Como representante do movimento moderno, ele introduziu novas ideias, como o funcionalismo, o purismo e a ligação entre a natureza e a arquitetura. Para Le Corbusier, a arquitetura moderna é definida por cinco pontos: pilotis, janelas em faixa, planta livre, fachada livre e cobertura plana, princípios que ele aplicava em suas realizações.

Le Corbusier faleceu em 27 de agosto de 1965 em Roquebrune-Cap-Martin, ao banhar-se no Mediterrâneo.

Fonte: Fundação Le CorbusierLink externo

Em 2016, a UNESCO designou 17 obras arquitetônicas de Le Corbusier como Patrimônios Mundiais, reconhecendo-o como um arquiteto inovador. A Villa Baizeau, no entanto, não estava na lista.

Hoje, a villa está escondida atrás de árvores densas e cercada por arame farpado. Vislumbres podem ser obtidos através das árvores ao se aproximar do Instituto de Estudos Comerciais Superiores de Cartago (IHEC) nas proximidades. Quando questionados, a maioria dos alunos do IHEC não conhece sua importância.

Le Corbusier na Tunísa

Este ano, um espaço cultural em Túnis chamado 32BisLink externo trouxe a villa de volta à vida ao dedicar uma exposição especial a ela. Embora a villa permaneça fechada ao público, a exposição ofereceu uma rara oportunidade de descobri-la. “Nunca imaginei que veria uma obra de Le Corbusier na Tunísia”, diz a arquiteta tunisiana Roeya Mansour ao visitar a exposição.

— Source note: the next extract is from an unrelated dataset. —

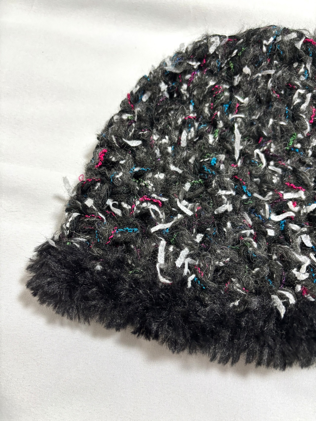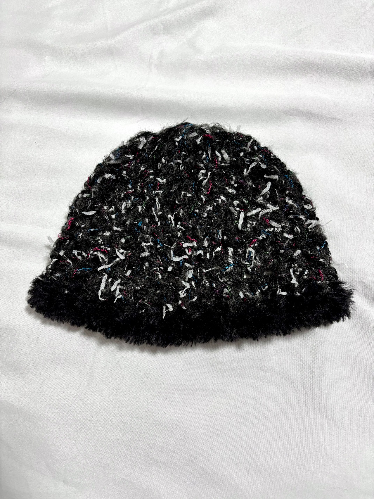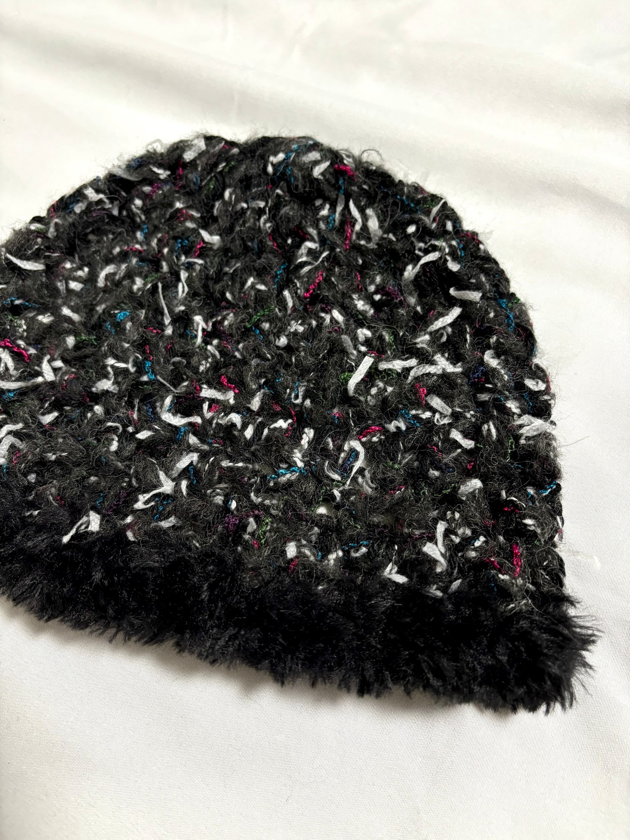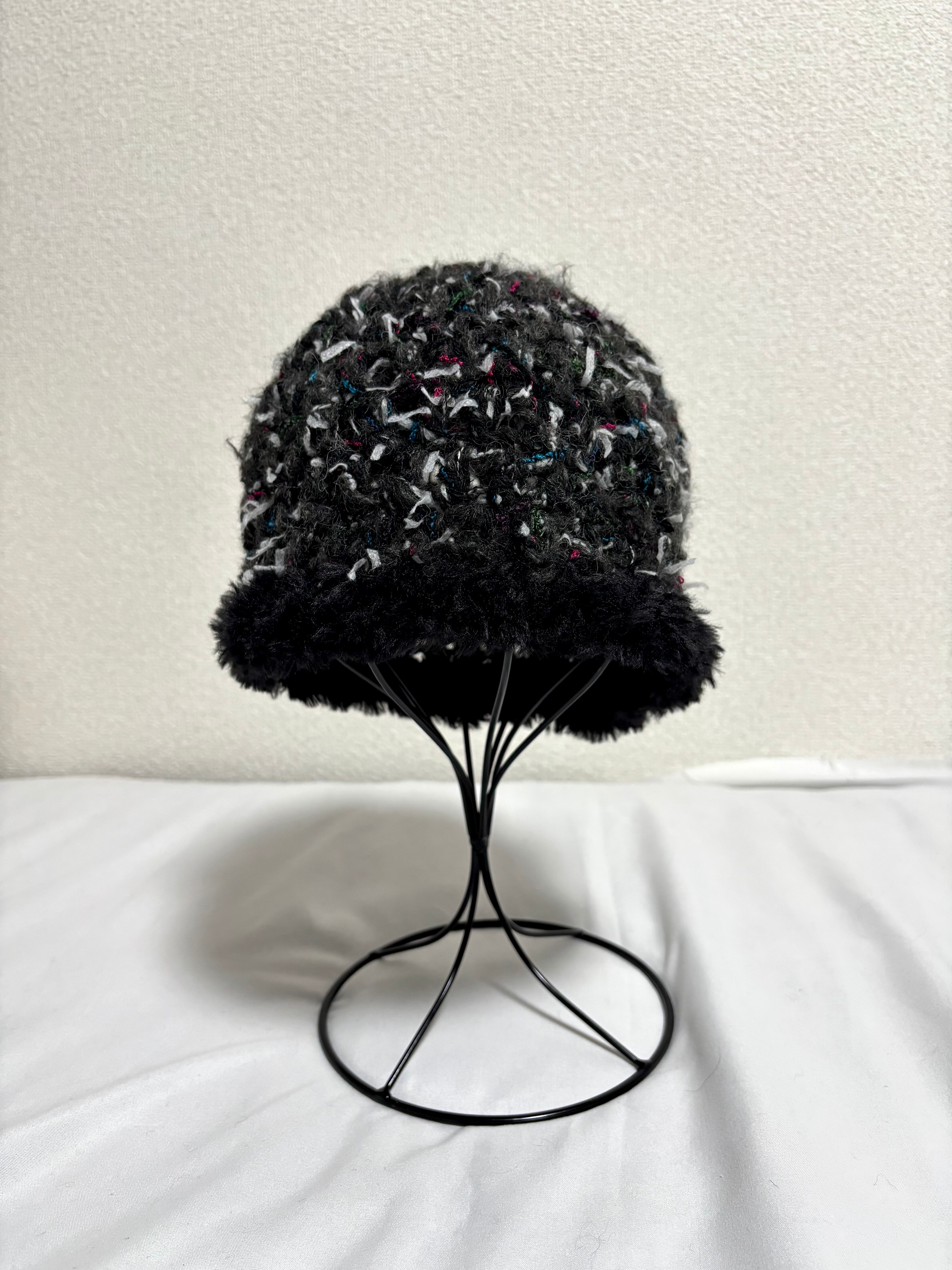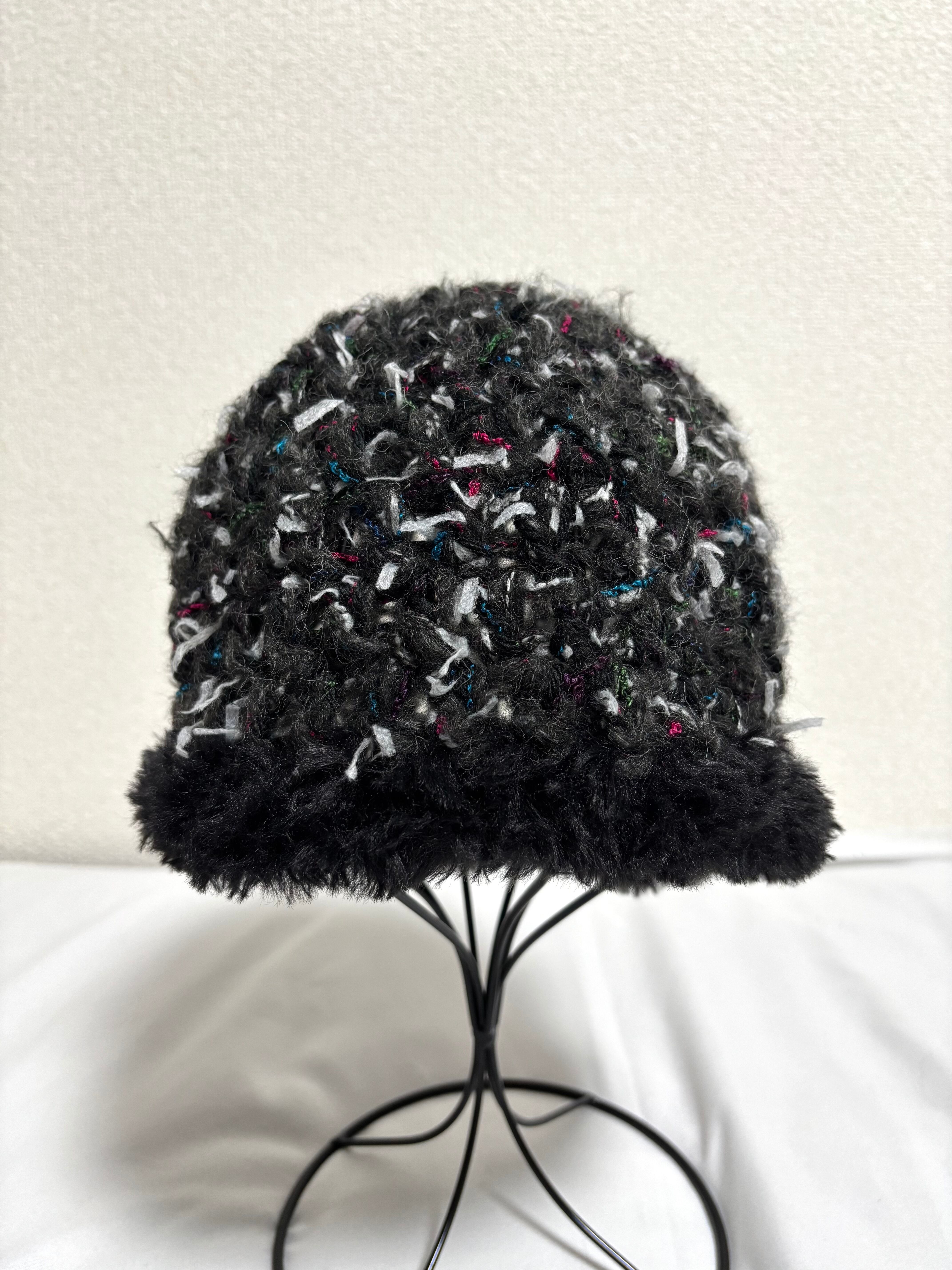 黒ベースにカラフルな糸やファンシーヤーンを合わせて編んだニット帽。

O evento, realizado de 15 de janeiro a 15 de maio, contou com uma série de encontros e palestras sobre habitação coletiva contemporânea, o legado de Le Corbusier e uma exposição que mostrou a famosa villa por meio de uma narrativa documental e fotográfica.

“Passar por esta casa histórica parece desafiador”, diz Melliti*, uma estudante prestes a se formar no IHEC, referindo-se ao fato de que a villa está escondida da vista do público. No entanto, ela aprecia a atenção dada à villa hoje, vendo-a como “parte do trabalho cultural para proteger a memória da Tunísia”.

A exposição apresentou uma coleção de documentos e arquivos relacionados à Villa Baizeau em Cartago, incluindo a correspondência inicial entre Le Corbusier e Baizeau. A maioria dos documentos foi obtida pela Fundação Le Corbusier na Suíça.

Testemunhos em áudio de descendentes e parentes de Baizeau, além de álbuns de fotos, mostraram a família jantando, tomando café e chá, e crianças brincando.

O público também pôde ver as últimas fotografias externas da Villa Baizeau, tiradas pelo fotógrafo francês Thomas Belhom em 2015. Essas fotografias se tornaram as imagens definitivas associadas à villa; nenhuma outra é conhecida atualmente. E mesmo assim, elas só mostram o edifício de longe. Para recriar a villa por meio de inteligência artificial, a exposição usou material de arquivo de Baizeau e Le Corbusier.

O arquiteto Lamloum acredita que é importante usar a Villa Baizeau como fonte de lições arquitetônicas e para turismo cultural, especialmente por estar localizada perto da vila turística de Sidi Bou Said, no norte da Tunísia. “A Villa Baizeau deve voltar a gozar da luz do sol”, conclui.

* A autora conhece seu nome e sobrenome. A pedido da aluna, apenas o nome da família foi usado.